God’s Optimum Training Program

“I council thee to buy of me gold tried in the fire, that thou mayest be rich; and white raiment, that thou mayest be clothed, and that the shame of thy nakedness do not appear; and anoint thine eyes with salve, that thou mayest see.  As many as I love, I rebuke and chasten; be zealous, therefore, and repent.”                                                                                           (Rev. 3:18-19)                      

            A truly great high school football coach who cares about his players will work them hard during the late summer two-a-day conditioning drills.  The football team that is heading toward a successful season can be heard groaning and complaining about the coach’s tough training methods and seemingly impossible standards for the entire six to eight weeks leading up to the first game of the regular season. 
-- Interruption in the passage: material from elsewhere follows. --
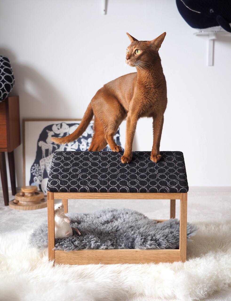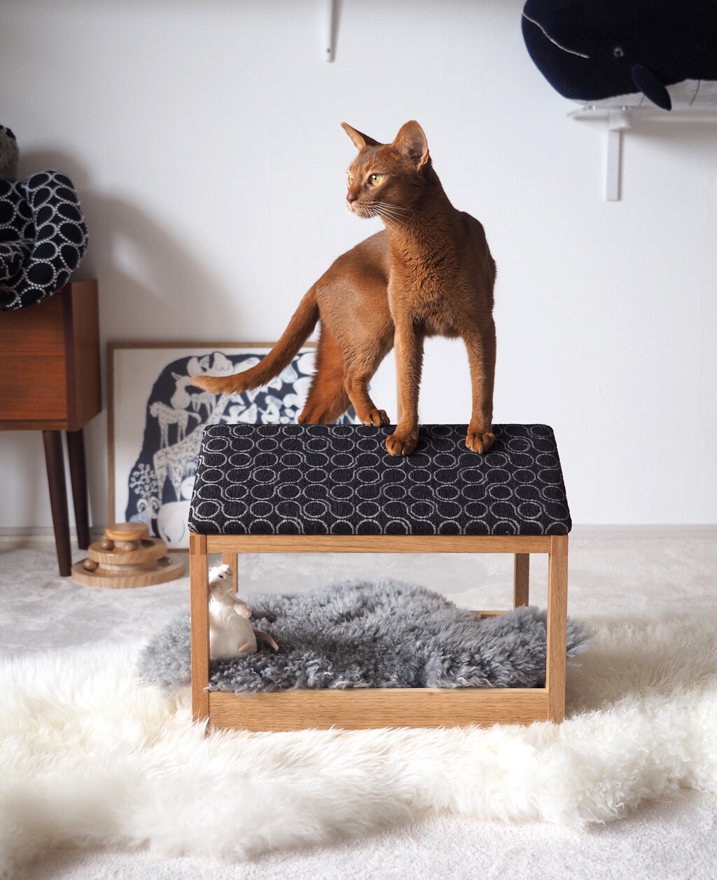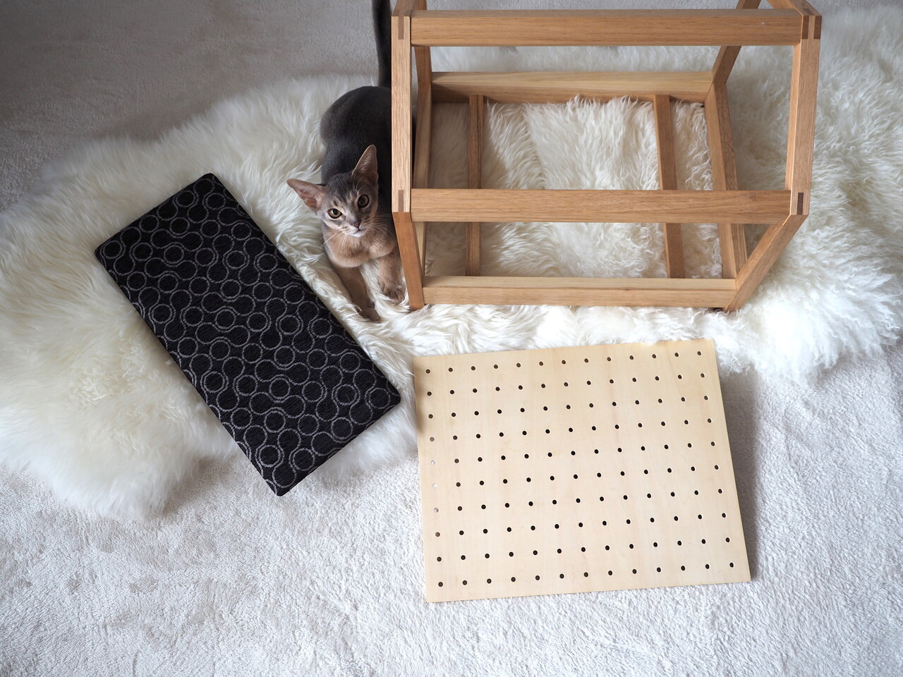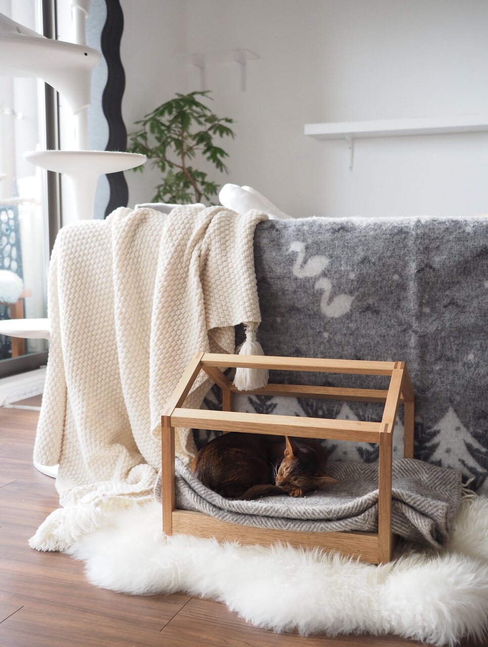 爪とぎ屋根(別売りオプション)を取り付けたり、布で覆ったり、可愛い敷物を敷いたり…

            It is only after the team takes the field and discovers that they are well prepared to play high-quality football that they can look back at their coach’s emphasis on physical conditioning and the constant repetition of the same basic plays over and over again until they finally got them right. 

            The character lessons these players learned from their coach, about how to approach a particular challenge with intensity of purpose, hard work, and a will to never quit, often last them throughout their lifetimes, long after they stop playing football. 

            A God who asks little of us cannot have much of an impact upon our lives…and can never be considered great. 

            A compromised message from the pulpit tailored to please people will never inspire the type of commitment that will produce excellence of character in us. 

            A book like this one, on the subject of the second half of the cross…to have real value must inspire committed Christians to continue forward on their present journey of faith, and to jolt less dedicated Christians out of complacency. 

            The story of the Bible is God’s call to people to give their best, to surrender all to Jesus Christ in trust and faith. 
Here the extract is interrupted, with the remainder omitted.